[To do] All that is wanted is the exact text of the lines below from the one with "本届展会卡诺亚展馆,采用全新" through the one with "弊社で購入したダイヤモンドを", inclusive, minus any pictures.

[Data in this exercise]
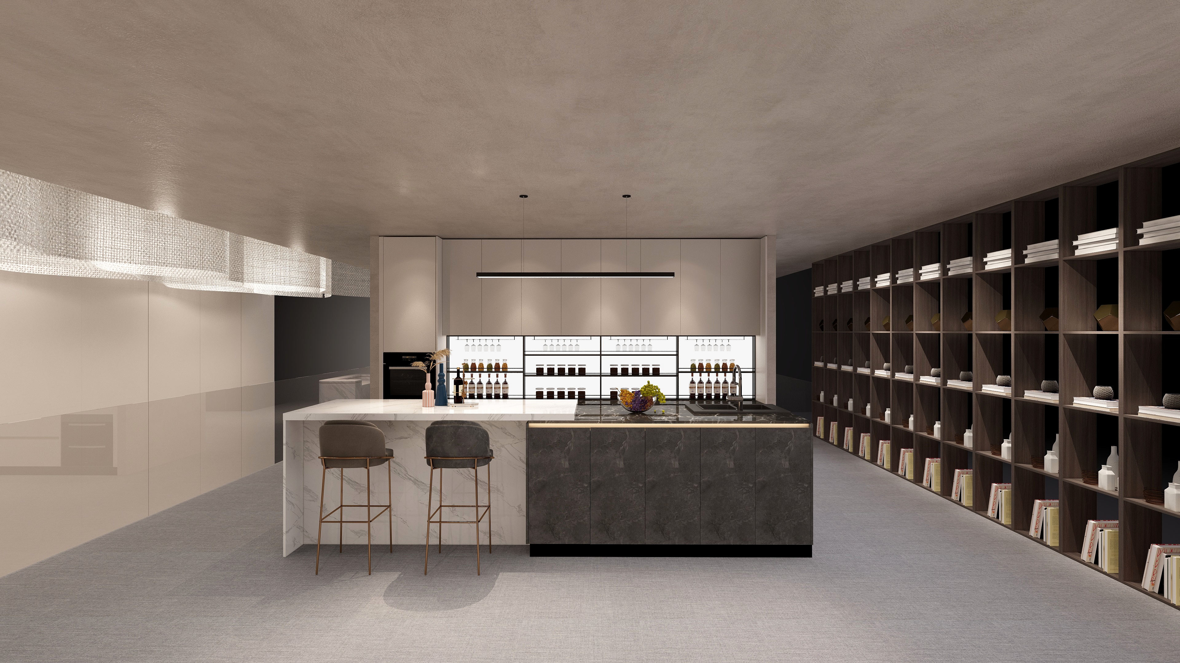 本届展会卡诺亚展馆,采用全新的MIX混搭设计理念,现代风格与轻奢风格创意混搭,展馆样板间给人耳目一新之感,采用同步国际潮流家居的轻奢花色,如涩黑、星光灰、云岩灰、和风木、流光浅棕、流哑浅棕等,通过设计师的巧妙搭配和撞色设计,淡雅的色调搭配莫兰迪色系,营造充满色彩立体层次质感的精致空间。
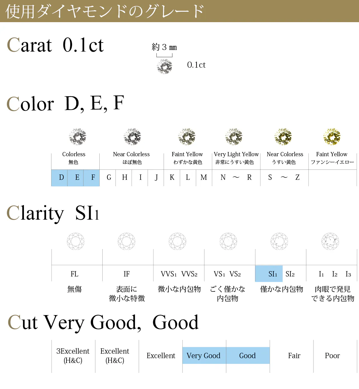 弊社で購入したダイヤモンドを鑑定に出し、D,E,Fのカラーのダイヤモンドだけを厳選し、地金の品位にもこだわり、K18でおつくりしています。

==

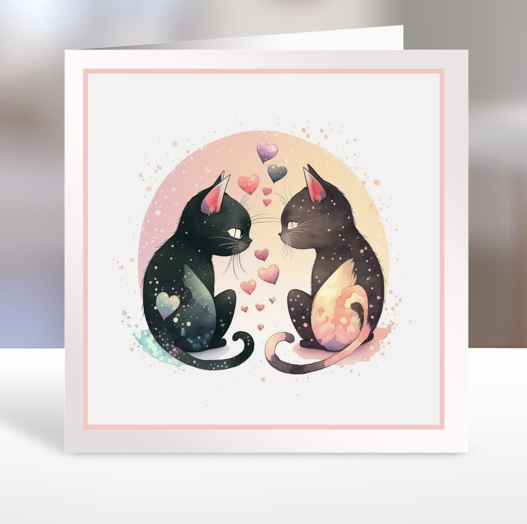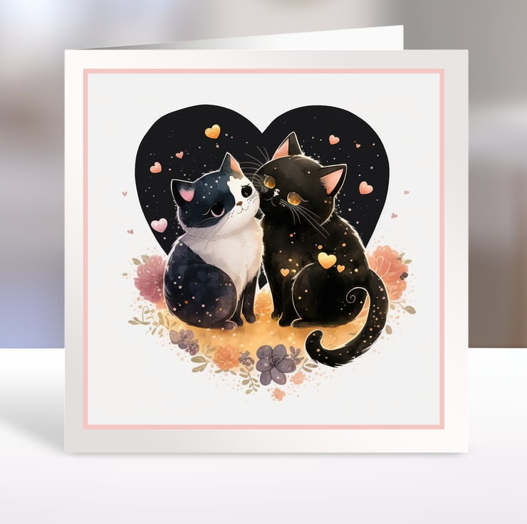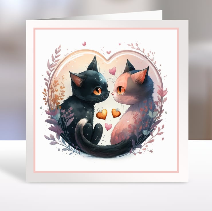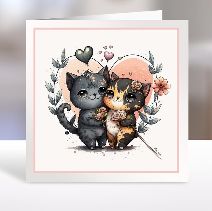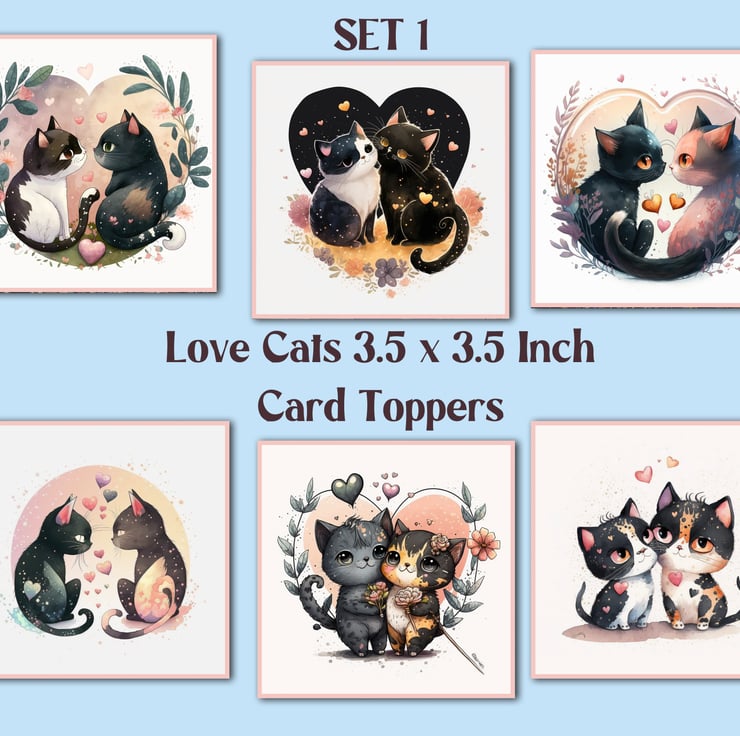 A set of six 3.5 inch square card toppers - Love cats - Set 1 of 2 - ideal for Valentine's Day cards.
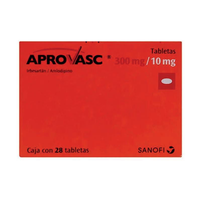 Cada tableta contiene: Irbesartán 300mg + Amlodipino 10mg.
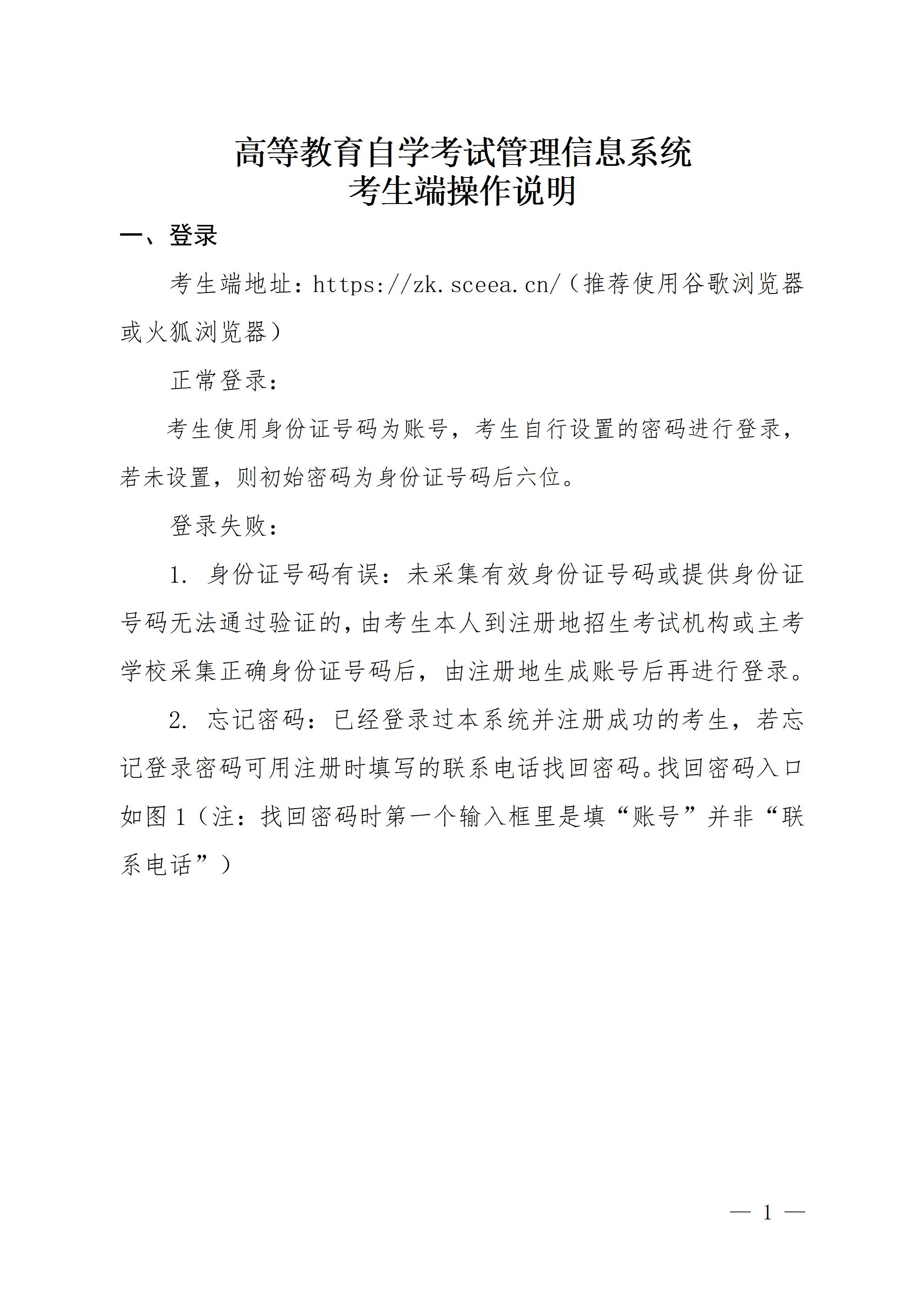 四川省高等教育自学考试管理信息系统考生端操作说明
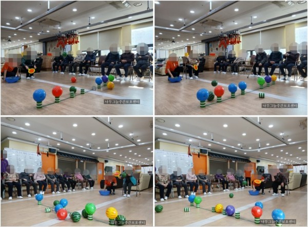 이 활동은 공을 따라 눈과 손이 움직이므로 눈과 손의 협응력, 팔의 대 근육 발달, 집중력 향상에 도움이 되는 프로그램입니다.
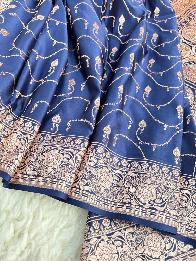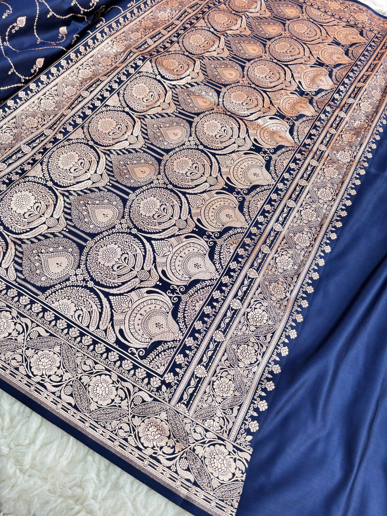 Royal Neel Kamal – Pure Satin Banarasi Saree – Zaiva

--

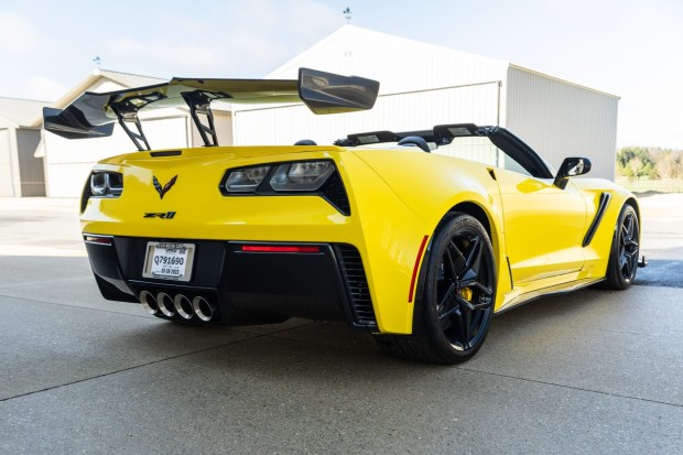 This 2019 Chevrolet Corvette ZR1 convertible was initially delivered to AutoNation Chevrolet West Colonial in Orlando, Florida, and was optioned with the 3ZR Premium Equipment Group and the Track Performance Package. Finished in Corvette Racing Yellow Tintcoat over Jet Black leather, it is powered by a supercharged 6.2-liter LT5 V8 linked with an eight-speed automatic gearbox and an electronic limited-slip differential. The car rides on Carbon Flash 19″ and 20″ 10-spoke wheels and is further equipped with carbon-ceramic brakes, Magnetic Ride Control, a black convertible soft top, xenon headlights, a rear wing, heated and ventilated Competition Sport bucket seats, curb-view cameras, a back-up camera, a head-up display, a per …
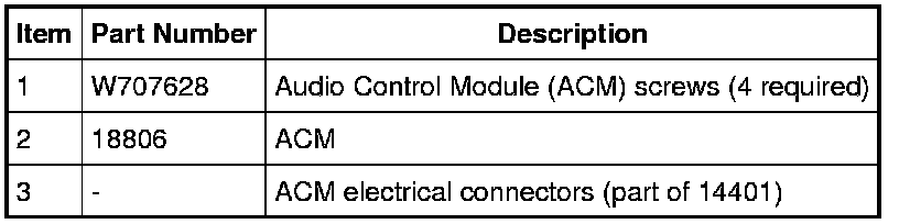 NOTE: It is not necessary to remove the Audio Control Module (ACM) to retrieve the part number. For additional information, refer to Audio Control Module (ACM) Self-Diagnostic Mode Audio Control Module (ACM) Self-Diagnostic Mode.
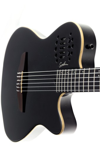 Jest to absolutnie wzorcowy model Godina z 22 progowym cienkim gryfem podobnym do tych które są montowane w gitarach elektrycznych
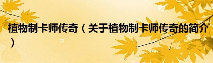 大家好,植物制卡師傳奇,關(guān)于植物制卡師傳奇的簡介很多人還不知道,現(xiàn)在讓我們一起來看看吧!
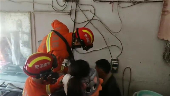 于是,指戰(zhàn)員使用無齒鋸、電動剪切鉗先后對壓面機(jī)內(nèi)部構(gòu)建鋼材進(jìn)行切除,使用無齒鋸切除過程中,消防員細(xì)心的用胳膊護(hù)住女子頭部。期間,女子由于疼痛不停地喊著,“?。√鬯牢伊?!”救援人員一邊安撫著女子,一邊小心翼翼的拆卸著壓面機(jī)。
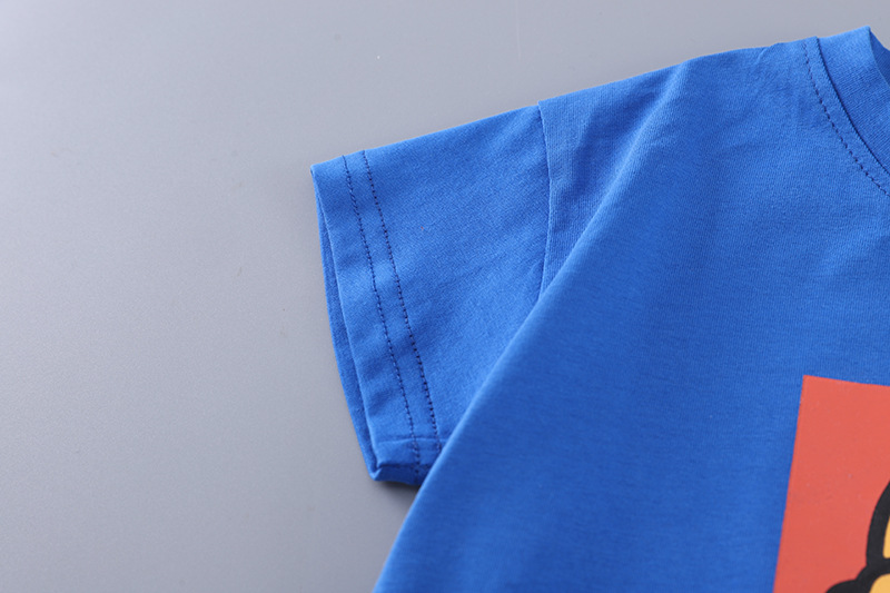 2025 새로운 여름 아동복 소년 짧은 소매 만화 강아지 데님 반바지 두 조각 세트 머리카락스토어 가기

[Task answer]
 本届展会卡诺亚展馆,采用全新的MIX混搭设计理念,现代风格与轻奢风格创意混搭,展馆样板间给人耳目一新之感,采用同步国际潮流家居的轻奢花色,如涩黑、星光灰、云岩灰、和风木、流光浅棕、流哑浅棕等,通过设计师的巧妙搭配和撞色设计,淡雅的色调搭配莫兰迪色系,营造充满色彩立体层次质感的精致空间。
 弊社で購入したダイヤモンドを鑑定に出し、D,E,Fのカラーのダイヤモンドだけを厳選し、地金の品位にもこだわり、K18でおつくりしています。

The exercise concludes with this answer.